The vaccine will be assessed by the EMA Human Medicines Committee (CHMP). The opinion may be issued by mid-March 2021, provided that the research results provided by the company regarding the effectiveness, safety and quality of the vaccine are sufficiently comprehensive and reliable.
If EMA concludes that the benefits of the vaccine outweigh its risks, it will recommend conditional marketing authorization. Then, the European Commission will decide on the marketing authorization in all EU and EEA (European Economic Area) Member States.
This is the fourth application for authorization of a COVID-19 vaccine since the start of the coronavirus pandemic. Previously, preparations of the companies Pfizer / BioNTech, Moderna and AstraZeneca were authorized.

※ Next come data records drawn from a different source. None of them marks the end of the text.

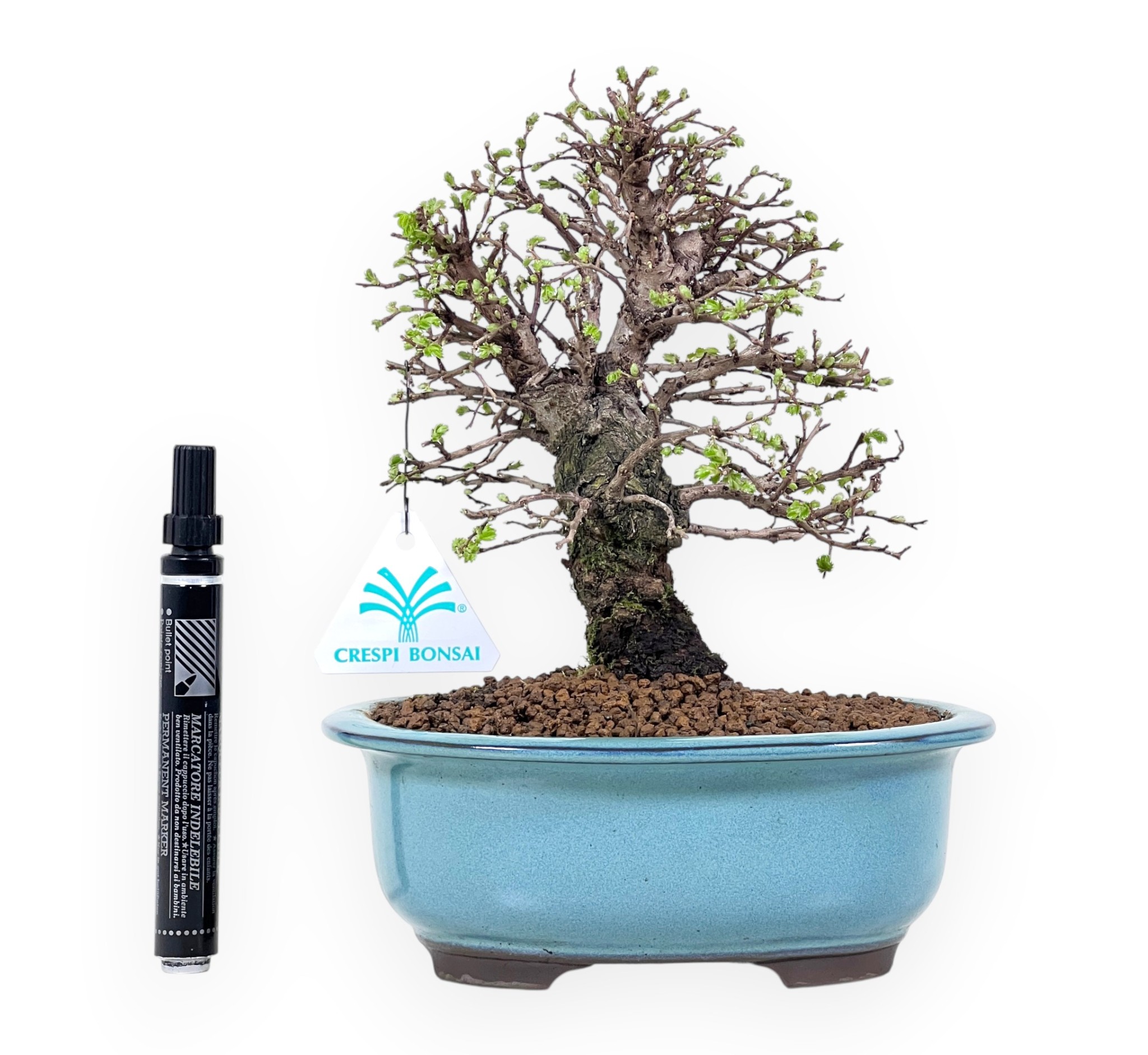 Elm bonsai characterised by a height without pot of 17,5 cm, and a trunk size of 3. The plant is grown in an oval glazed stoneware pot whose dimensions are 17,5x14,5xH6,5 cm.
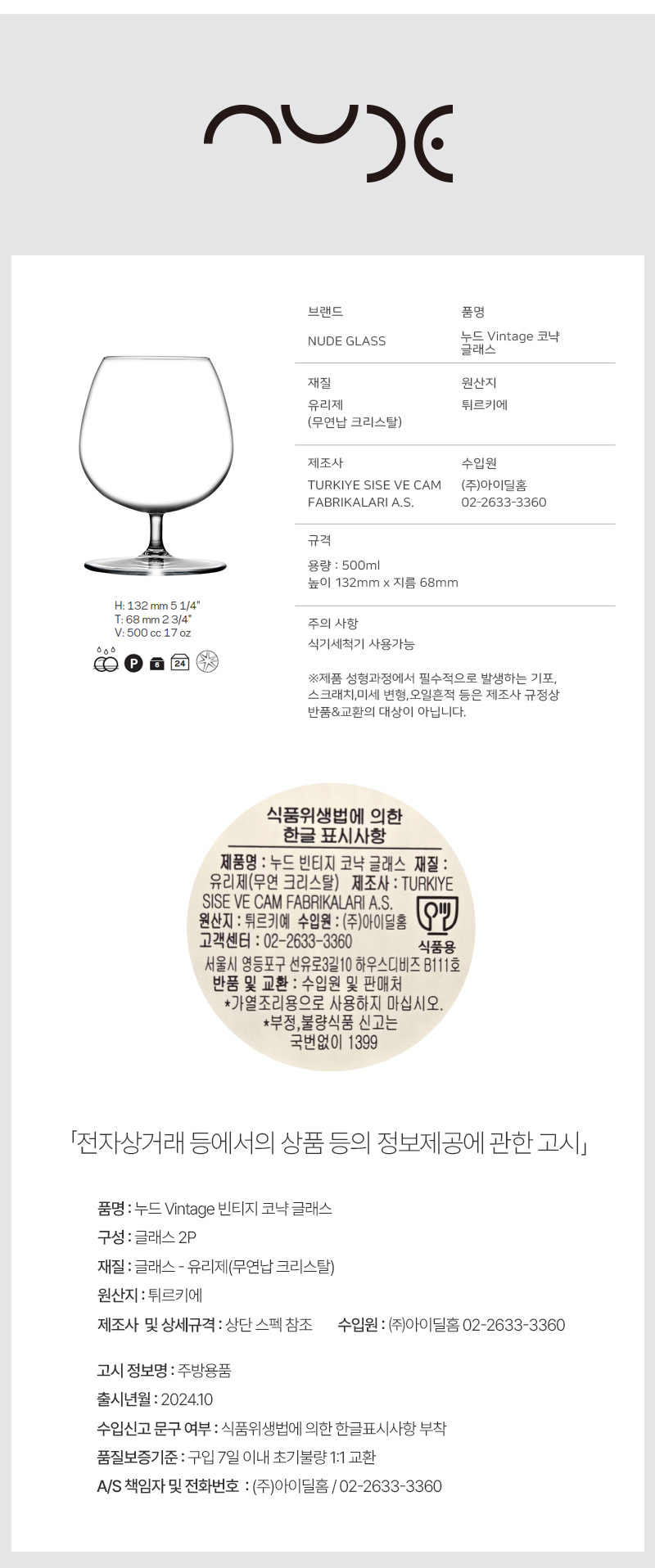 넉넉한 500ml 용량과 무연납 크리스탈의 투명함이
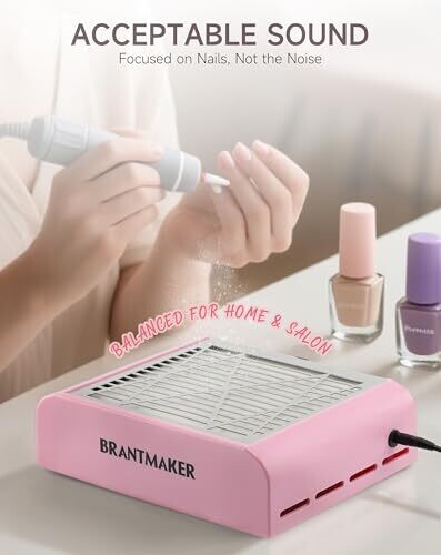 • Brantmaker Nail Dust Collector with Brush and 2 Filters, 60W Vacuum Fan (Pink)
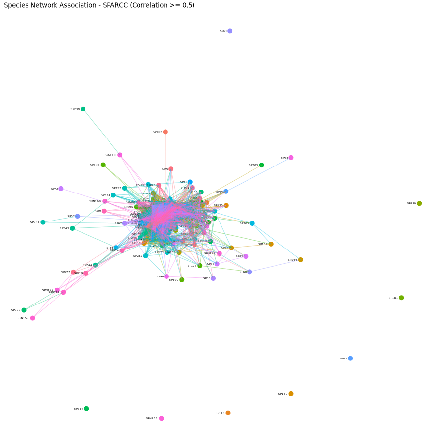 under-powered. We provide the network association result with SparCC (Sparse Correlations for Compositional data)(Friedman & Alm 2012), which
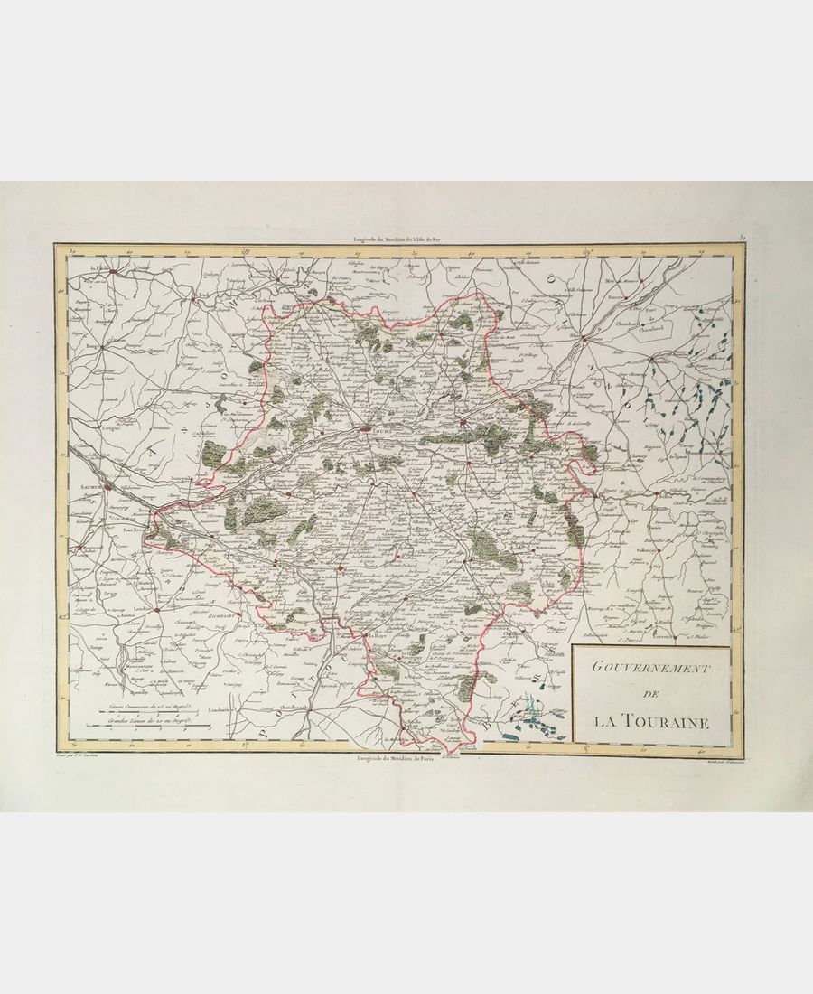 Gouvernement de la Touraine. Gravure sur cuivre. 1798. Gravé par P. F. Tardieu, écrit par Herault. Coloris main. Dimension du feuillet : 420 x 561 mm. Dimension au coup de planche : 340 x 450 mm. Pliure centrale. Très belle épreuve.
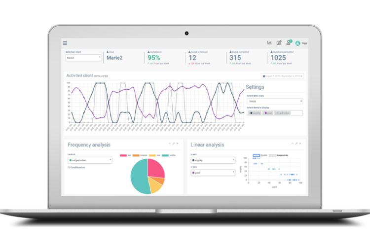 Door het online platform te raadplegen met alle informatie samengevat in tijdlijnen, grafieken en diagrammen, beschikken behandelaars over een feedbackinstrument om hun therapeutische doelstellingen te evalueren en bij te stellen en om essentiële informatie met hun patiënten te bespreken tijdens de therapiesessie.
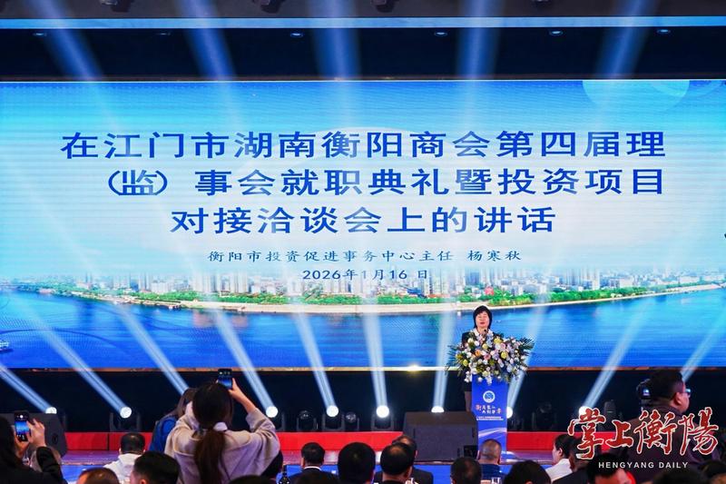 “衡”商聚“江”,共创华章。1月16日晚,广东省江门市衡阳商会第四届理(监)事会就职典礼暨投资项目对接会举行。来自全国各地的商会代表、各界嘉宾和扎根江门奋斗的衡阳籍企业家齐聚一堂,以乡情为引,以发展为题,共促两地合作共赢。
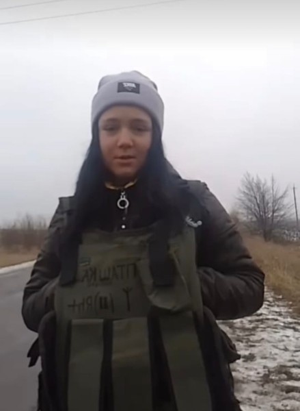 Була одягнена: рожево-перламутрова куртка до колін, спортивні бежеві штани, чорне взуття, бежевий рюкзак.
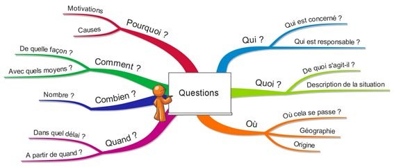 Si les mots ne viennent pas facilement, utilisez la méthode des journalistes : CQQCOQP. Vous questionnez votre sujet avec : Qui ? Quoi ? Où ? Quand ? Comment ? Combien ? Pourquoi ? Cela vous permettra de faire le tour du sujet sans rien oublier. Utiliser ces questions sous forme de Mind Map permet d'augmenter les associations d'idées.
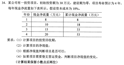 作者:高老师 时间:2024-07-22 浏览 1 【正确答案】:(1)投资回收期=2+(30-18)÷15=2.8(年)(2)净现值=8×0.9091+10×0.8264+15×0.7513+20×0.6830-30=10.47(万元)(3)净现值大于零,项目可行(4)如果项目需要垫支营运资金,净现值将会降低。 📱 扫码体验刷题小程序 扫一扫使用我们的微信小程序
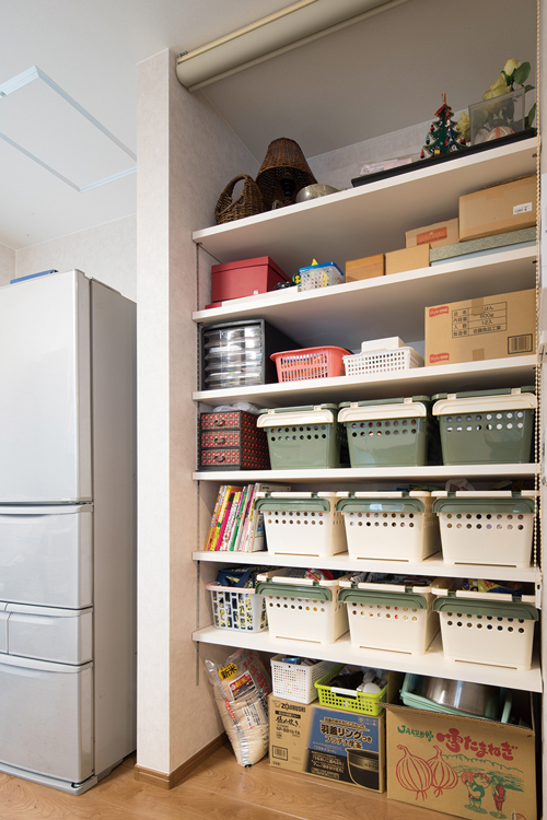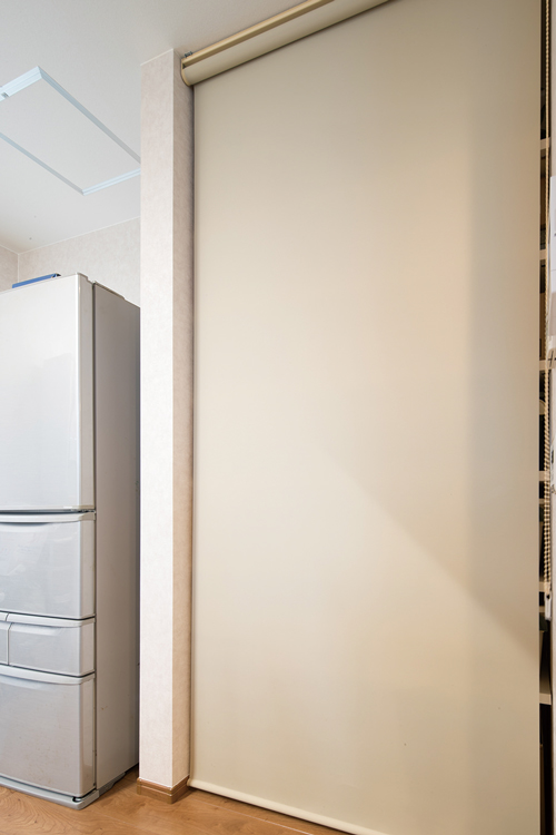 ダイニングキッチンにあるこだわりの収納スペース。大容量で日用品をたくさん収納でき、ロールスクリーンですっきりと隠せます
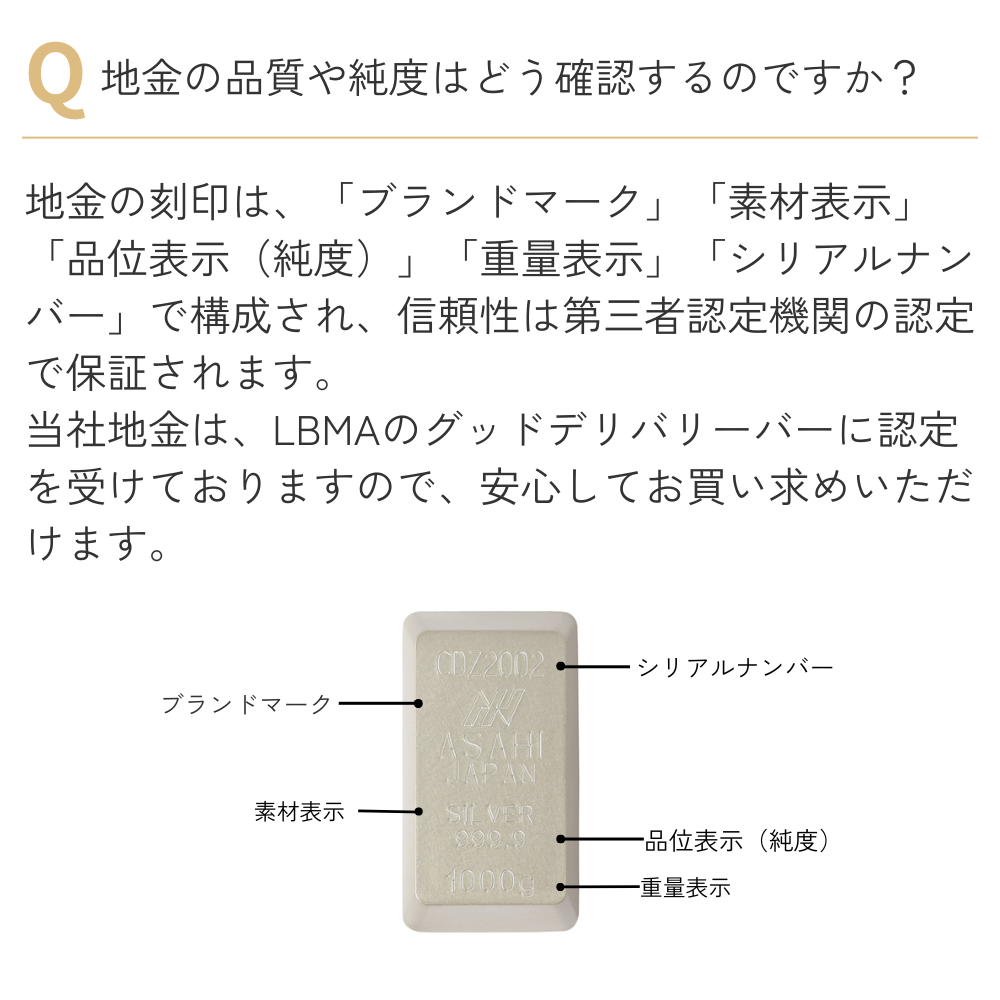 ・銀インゴット製品はその商品特性上、硫化による変色、裏面に凹みが発生することがありますが、重量・純度には影響ありません。

Janssen consists of another virus (adenovirus) that has been modified to contain the gene that produces the SARS-CoV-2 spike protein. This is a protein found on the surface of the SARS-CoV-2 virus that the virus needs to enter the body’s cells.
When administered, the vaccine delivers the SARS-CoV-2 protein gene to the body’s cells. A person’s immune system will recognize this protein as foreign and will make antibodies and activate T lymphocytes (white blood cells) to attack them.
If a person later comes into contact with the SARS-CoV-2 virus, their immune system will recognize the proteins of the virus and be ready to defend the body against it.
The adenovirus in the vaccine cannot reproduce and does not cause disease.